Dataset excerpts:
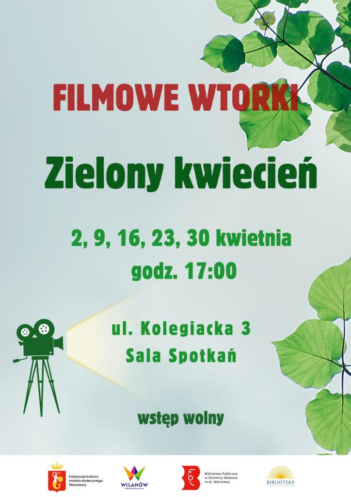 Podczas kwietniowych pokazów będzie zielono. Wszak to kolor uspokajający, związany z życiem, przyrodą, nadzieją. Zieleń aż prosi się o swój akcent w naszym filmowym cyklu i to z różnych punktów widzenia. Obiecujemy, że będzie różnorodnie, gdyż wybraliśmy dla Was dramat kostiumowy, komedię, film przyrodniczy, kryminał z romansowym wątkiem i animację fantasy.
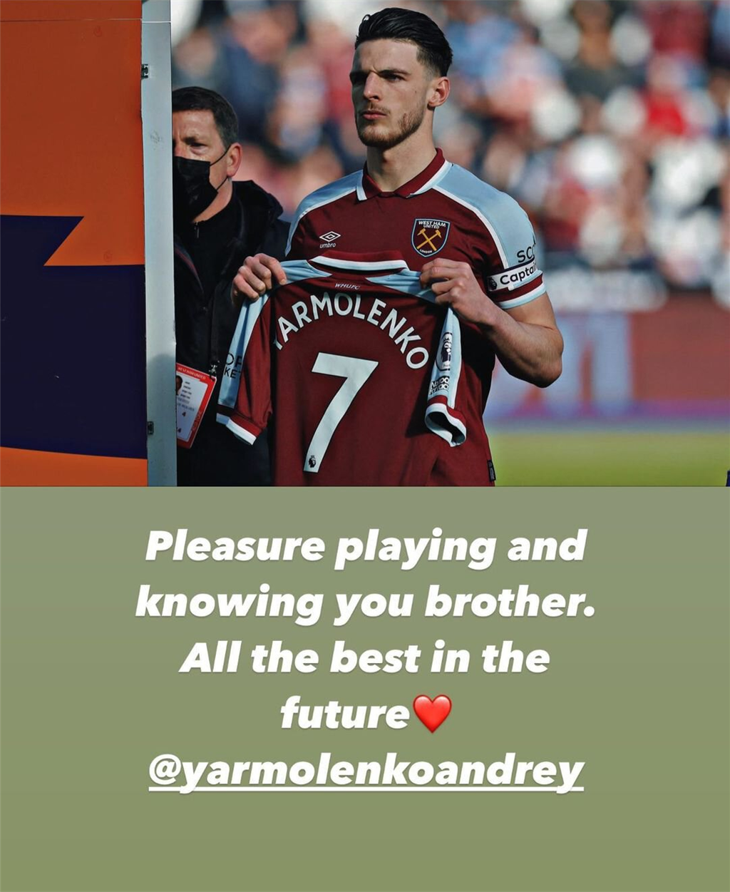 Півзахисник Вест Гема Деклан Райс попрощався з вінгером клубу Андрієм Ярмоленком, який отримав статус вільного агента.
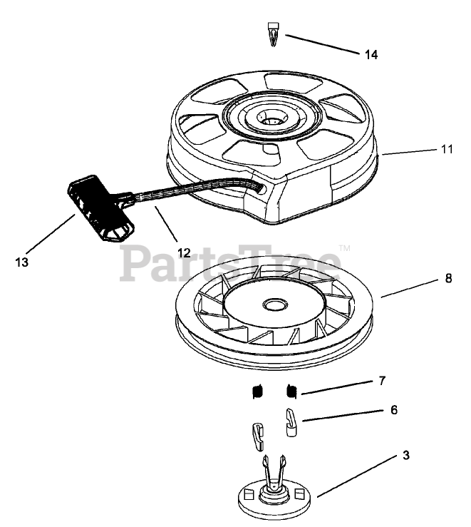 20001 - Toro 22" Recycler Walk-Behind Mower (SN: 240000001 - 240999999) (2004) Recoil Starter Assembly No. 590739 Tecumseh LV195-362003B Parts Diagram
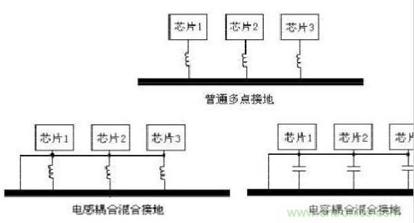 工作頻率高(>30MHz)的采用多點接地式(即在該電路系統(tǒng)中,用一塊接地平板代替電路中每部分各自的地回路),為了減小電感,要求地線的長度盡量短,在頻率很高的系統(tǒng)中,通常接地線要控制在幾毫米的范圍內(nèi)。每根接地線的長度小于信號波長的1/20。
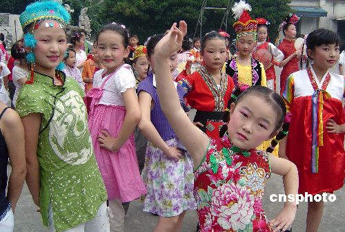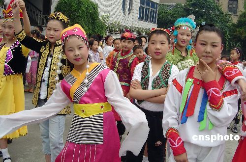 5月31日,江苏省镇江市穆源民族学校的孩子们在表演民族服装秀。当日,江苏省镇江市穆源民族学校开展了“56个民族是一家”民族服装秀展示活动,孩子们通过壮族、苗族、傣族、蒙古族等十多个民族服装的现场展示表演,表达了对祖国的热爱。中新社发 石玉成 摄
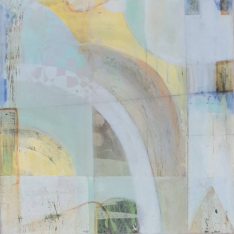 Reflections. Thinking about your life in a calm, comforting way - about all joy and excitement, but also about days of sadness that made us appreciate more these beautiful or even neutral moments of our life. Multilayered painting with some colorful yellow and teal elements, but also with greys an...
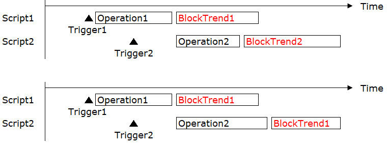 Si plusieurs déclencheurs entraînent le chevauchement des délais d'exécution des opérations [Tendance de bloc] sur différents objets de tendance de bloc, ou si les délais d'exécution des opérations [Tendance de bloc] sur le même objet de tendance de bloc ne se chevauchent pas, les dernières opérations [Tendance de bloc] sont exécutées.
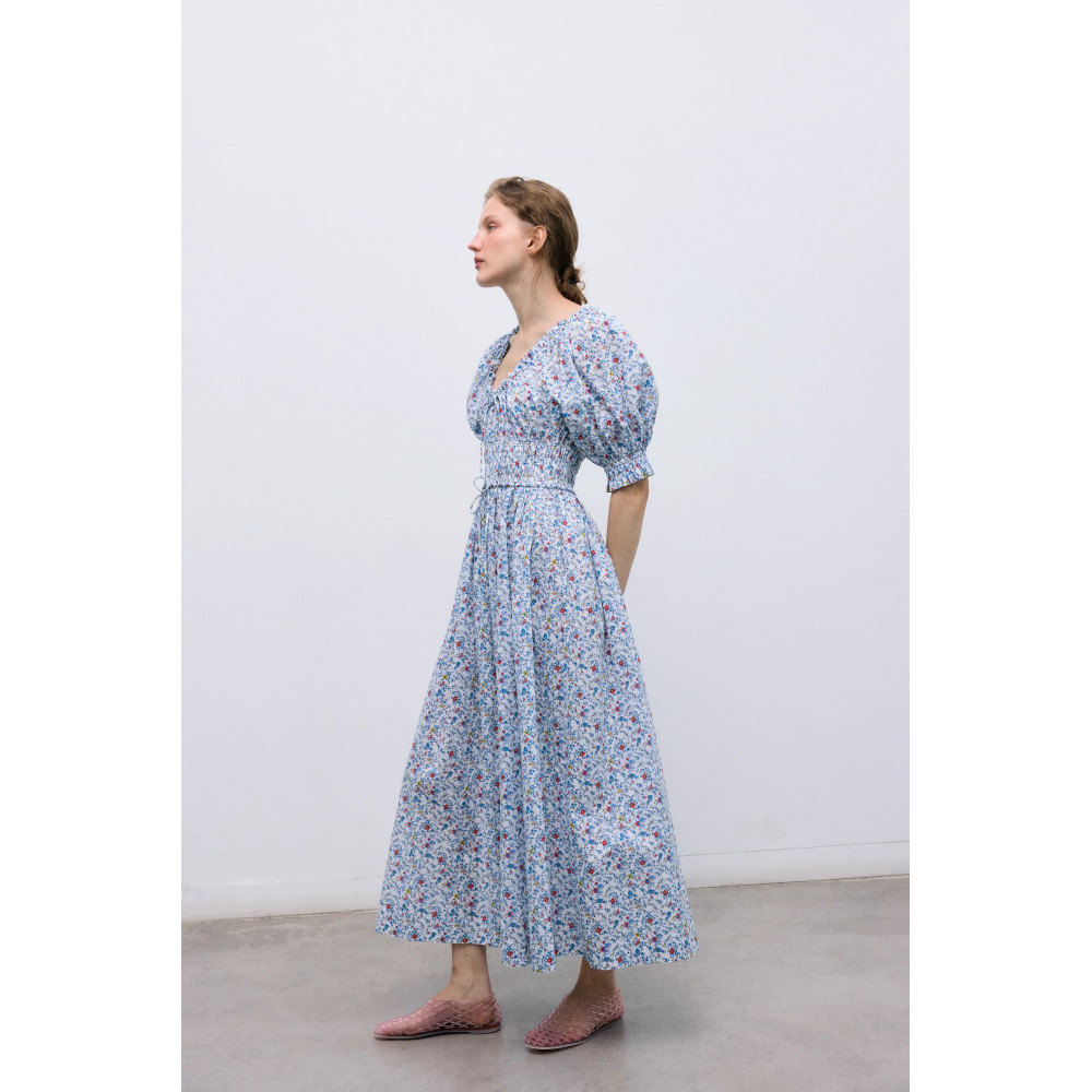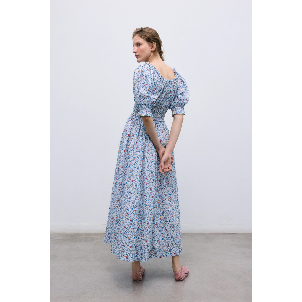 Один з наших бестселерів, виготовлений з м'якої, свіжої бавовни. Має еластичні деталі на грудях із зав'язкою та об'ємні рукави, оздоблені гумкою та рюшами, що створюють грайливий та елегантний образ. Зроблено в: Португалія

What to produce: Without changing a single word, set down all of the material again and leave out its pictures.

Result of this task:
 Podczas kwietniowych pokazów będzie zielono. Wszak to kolor uspokajający, związany z życiem, przyrodą, nadzieją. Zieleń aż prosi się o swój akcent w naszym filmowym cyklu i to z różnych punktów widzenia. Obiecujemy, że będzie różnorodnie, gdyż wybraliśmy dla Was dramat kostiumowy, komedię, film przyrodniczy, kryminał z romansowym wątkiem i animację fantasy.
 Півзахисник Вест Гема Деклан Райс попрощався з вінгером клубу Андрієм Ярмоленком, який отримав статус вільного агента.
 20001 - Toro 22" Recycler Walk-Behind Mower (SN: 240000001 - 240999999) (2004) Recoil Starter Assembly No. 590739 Tecumseh LV195-362003B Parts Diagram
 工作頻率高(>30MHz)的采用多點接地式(即在該電路系統(tǒng)中,用一塊接地平板代替電路中每部分各自的地回路),為了減小電感,要求地線的長度盡量短,在頻率很高的系統(tǒng)中,通常接地線要控制在幾毫米的范圍內(nèi)。每根接地線的長度小于信號波長的1/20。
 5月31日,江苏省镇江市穆源民族学校的孩子们在表演民族服装秀。当日,江苏省镇江市穆源民族学校开展了“56个民族是一家”民族服装秀展示活动,孩子们通过壮族、苗族、傣族、蒙古族等十多个民族服装的现场展示表演,表达了对祖国的热爱。中新社发 石玉成 摄
 Reflections. Thinking about your life in a calm, comforting way - about all joy and excitement, but also about days of sadness that made us appreciate more these beautiful or even neutral moments of our life. Multilayered painting with some colorful yellow and teal elements, but also with greys an...
 Si plusieurs déclencheurs entraînent le chevauchement des délais d'exécution des opérations [Tendance de bloc] sur différents objets de tendance de bloc, ou si les délais d'exécution des opérations [Tendance de bloc] sur le même objet de tendance de bloc ne se chevauchent pas, les dernières opérations [Tendance de bloc] sont exécutées.
 Один з наших бестселерів, виготовлений з м'якої, свіжої бавовни. Має еластичні деталі на грудях із зав'язкою та об'ємні рукави, оздоблені гумкою та рюшами, що створюють грайливий та елегантний образ. Зроблено в: Португалія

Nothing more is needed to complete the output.